Drop selected variables

Description

Quickly drop variables by either column names or positions.

Usage

drop_columns(data, ind)

Arguments

data

input data

ind

a vector of either names or column positions of the variables to be dropped.

Details

This function updates data.table object directly. Otherwise, output data will be returned matching input object class.

Examples

# Load packages
library(data.table)

# Generate data
dt <- data.table(sapply(setNames(letters, letters), function(x) {assign(x, rnorm(10))}))
dt2 <- copy(dt)

# Drop variables by name
names(dt)
drop_columns(dt, letters[2L:25L])
names(dt)

# Drop variables by column position
names(dt2)
drop_columns(dt2, seq(2, 25))
names(dt2)

# Return from non-data.table input
df <- data.frame(sapply(setNames(letters, letters), function(x) {assign(x, rnorm(10))}))
drop_columns(df, letters[2L:25L])

Dummify discrete features to binary columns

Description

Data dummification is also known as one hot encoding or feature binarization.

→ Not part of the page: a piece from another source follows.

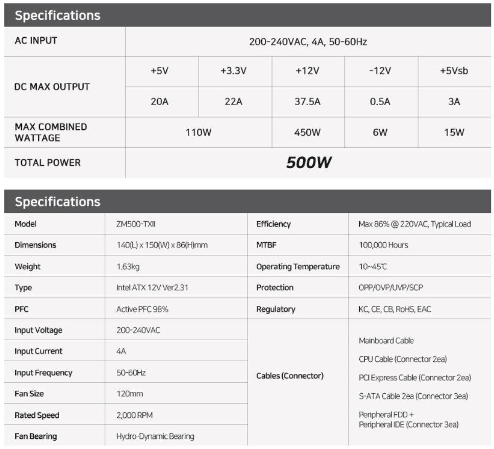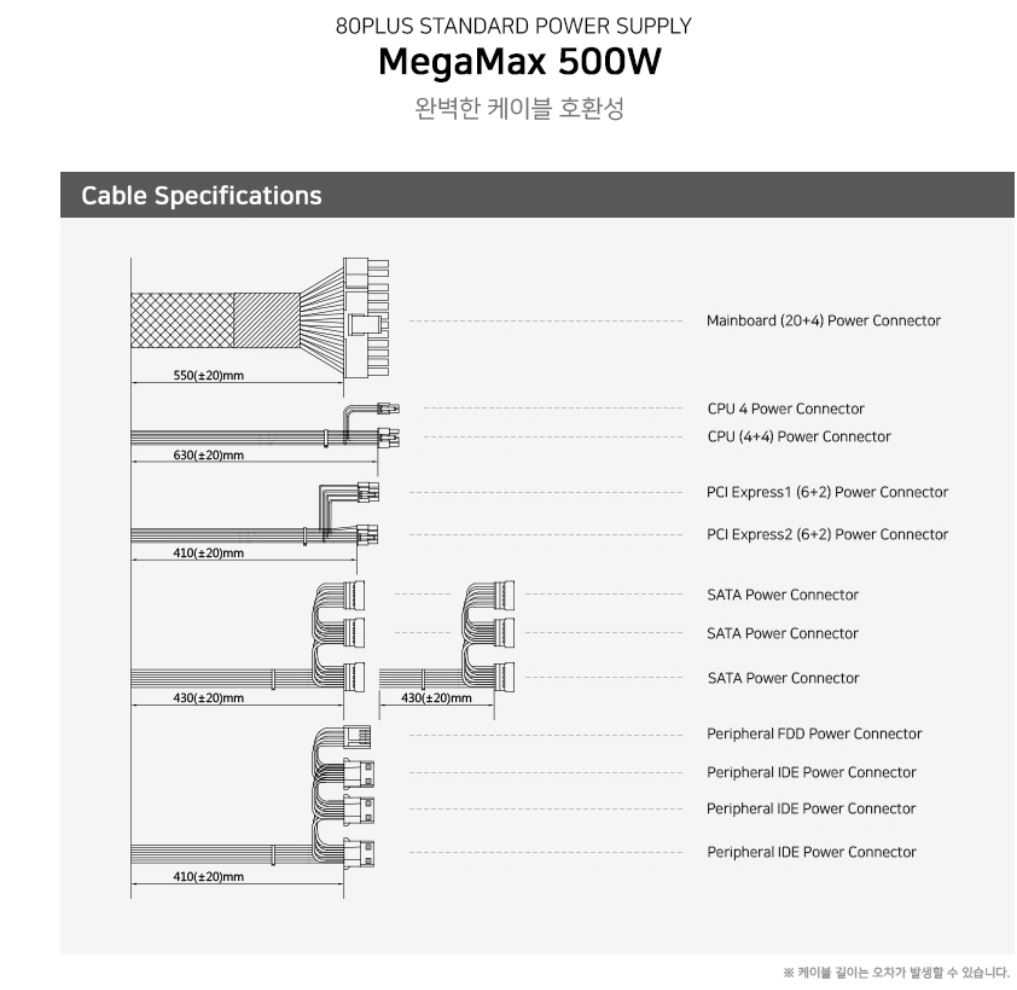 [ 잘만 MegaMax 500W 80plus Standard 파워 - 상세 스펙 ]

It turns each category to a distinct column with binary (numeric) values.

Usage

dummify(data, maxcat = 50L, select = NULL)

Arguments

data

input data

maxcat

maximum categories allowed for each discrete feature. Default is 50.

select

names of selected features to be dummified. Default is NULL.

Details

Continuous features will be ignored if added in select.

select features will be ignored if categories exceed maxcat.

Value

dummified dataset (discrete features only) preserving original features. However, column order might be different.

Note

This is different from model.matrix, where the latter aims to create a full rank matrix for regression-like use cases. If your intention is to create a design matrix, use model.matrix instead.

Examples

## Dummify iris dataset
str(dummify(iris))

## Dummify diamonds dataset ignoring features with more than 5 categories
data("diamonds", package = "ggplot2")
str(dummify(diamonds, maxcat = 5))
str(dummify(diamonds, select = c("cut", "color")))

Group categories for discrete features

Description

Sometimes discrete features have sparse categories. This function will group the sparse categories for a discrete feature based on a given threshold.

Usage

group_category(
  data,
  feature,
  threshold,
  measure,
  update = FALSE,
  category_name = "OTHER",
  exclude = NULL
)

Arguments

data

input data

feature

name of the discrete feature to be collapsed.

threshold

the bottom x% categories to be grouped, e.g., if set to 20%, categories with cumulative frequency of the bottom 20% will be grouped

measure

name of feature to be used as an alternative measure.

update

logical, indicating if the data should be modified. The default is FALSE. Setting to TRUE will modify the input data.table object directly. Otherwise, input class will be returned.

category_name

name of the new category if update is set to TRUE. The default is "OTHER".

exclude

categories to be excluded from grouping when update is set to TRUE.

Details

If a continuous feature is passed to the argument feature, it will be force set to character.

Value

If update is set to FALSE, returns categories with cumulative frequency less than the input threshold. The output class will match the class of input data. If update is set to TRUE, updated data will be returned, and the output class will match the class of input data.

Examples

# Load packages
library(data.table)

# Generate data
data <- data.table("a" = as.factor(round(rnorm(500, 10, 5))), "b" = rexp(500, 500))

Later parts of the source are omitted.